Tensions Reduce the Odds
As MIT nuclear expert Theodore Postol noted last year, "Had the false alert of 1995 occurred instead during a political crisis, Russian nuclear forces might have been launched. American early warning systems would have immediately detected the launch, and this might then have led to the immediate launch of US forces in response to the Russian launch.”
Recent years have brought us accounts of missing nuclear missiles, drug use by Minuteman missile crews, shocking security breaches, crew commanders falling asleep, computer failures, a silo fire that went undetected by smoke alarms, and much more.
And just this week we were reminded by the Government Accountability Office that the Pentagon’s "Strategic Automated Command and Control System” uses 8-inch floppy disks and 1970s-vintage computers.
The Pentagon insisted in 2014 that the system "is extremely safe and extremely secure” — after all, how many hackers know how to operate such ancient technology? — but Princeton University’s Bruce Blair, a former Air Force ICBM launch-control officer, said this week, "The floppy disks are associated with a nuclear-communications system that was unreliable even when the system was upgraded in the 1970s.”

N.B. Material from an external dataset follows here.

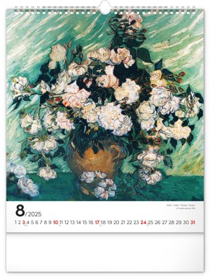 Na stranách kalendáře v obdélníkovém formátu naleznete nejznámější van Goghova díla vytištěná na kvalitním papíře s vysokou gramáží.
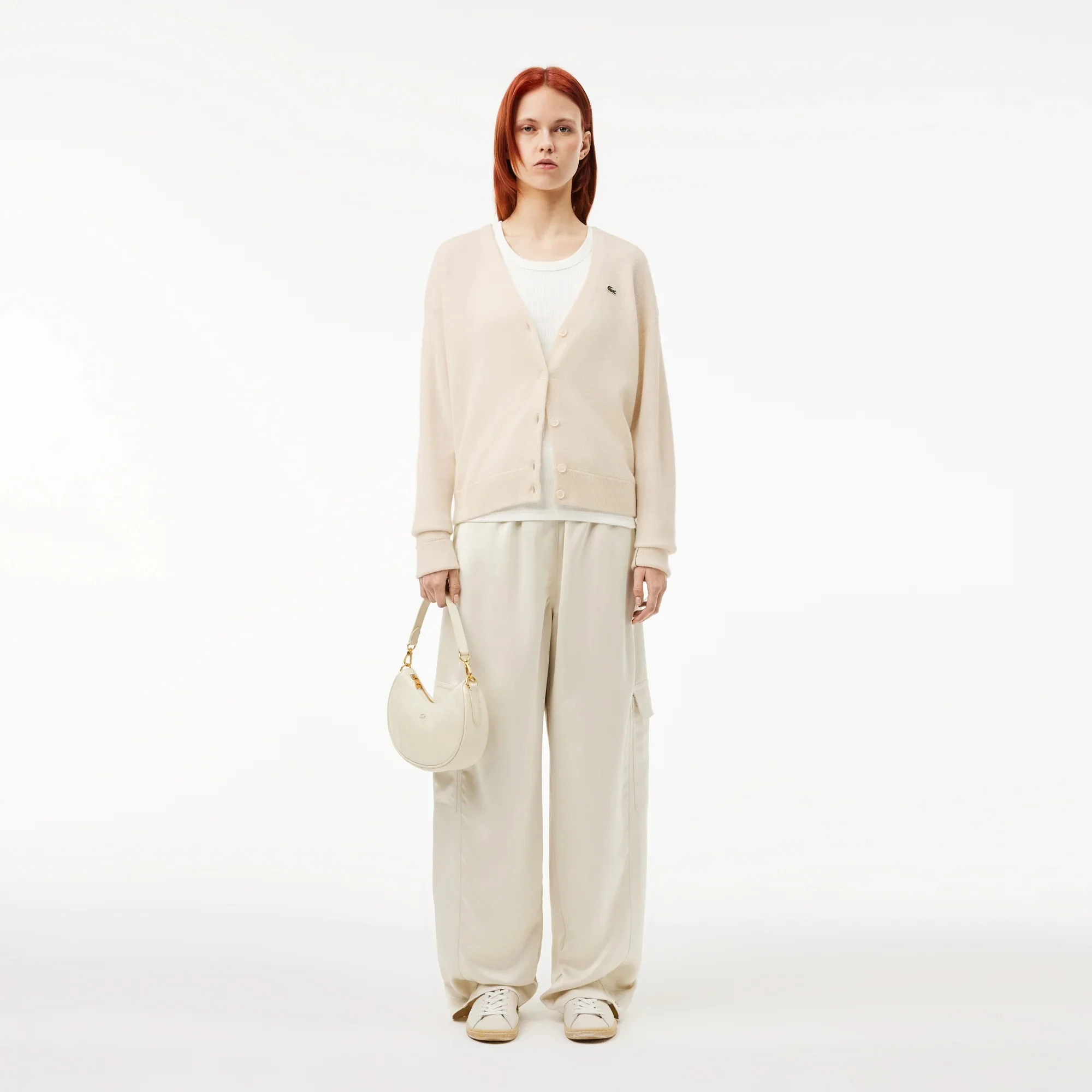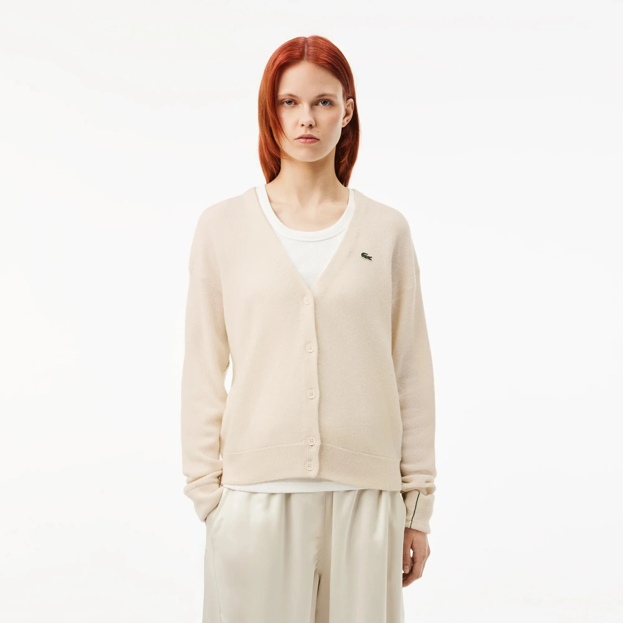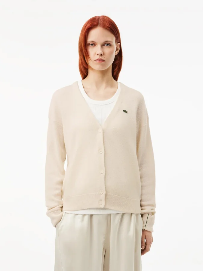 Lacoste - Women's Relaxed Fit V-Neck Wool Cardigan

No doubt the odds of any one of these accidents triggering a war or mass catastrophe were low. But odds increase with the number of incidents. If the probability of a disaster from one incident is only one in 100, the odds of ruin from 20 such incidents rise to nearly one in five. Those are not comforting numbers.
That’s why it’s critical that the United States and Russia get serious about promoting world security by eliminating first-use and "launch on warning” policies that heighten the risk of accidental wars. They must also sharply reduce the size of nuclear arsenals that are difficult to track, safeguard and maintain.
Instead, President Obama has embarked on a trillion dollar program of nuclear modernization and a dangerous policy of confrontation with Russia in Eastern Europe. (Russia is not blameless in these matters, of course.) Such policies are, in turn, prompting China’s military to pursue a nuclear expansion program of its own — including a dangerous shift to hair-trigger alerts and a launch-on-warning policy.
Former Defense Secretary Perry warns that all of this is putting the world "on the brink of a new nuclear arms race.” That’s not what we expected from the President who was awarded a Nobel Peace Prize in part for his call to reduce the threat of nuclear weapons. Let’s hope Obama’s visit to Hiroshima rekindles his commitment to helping create a safer world.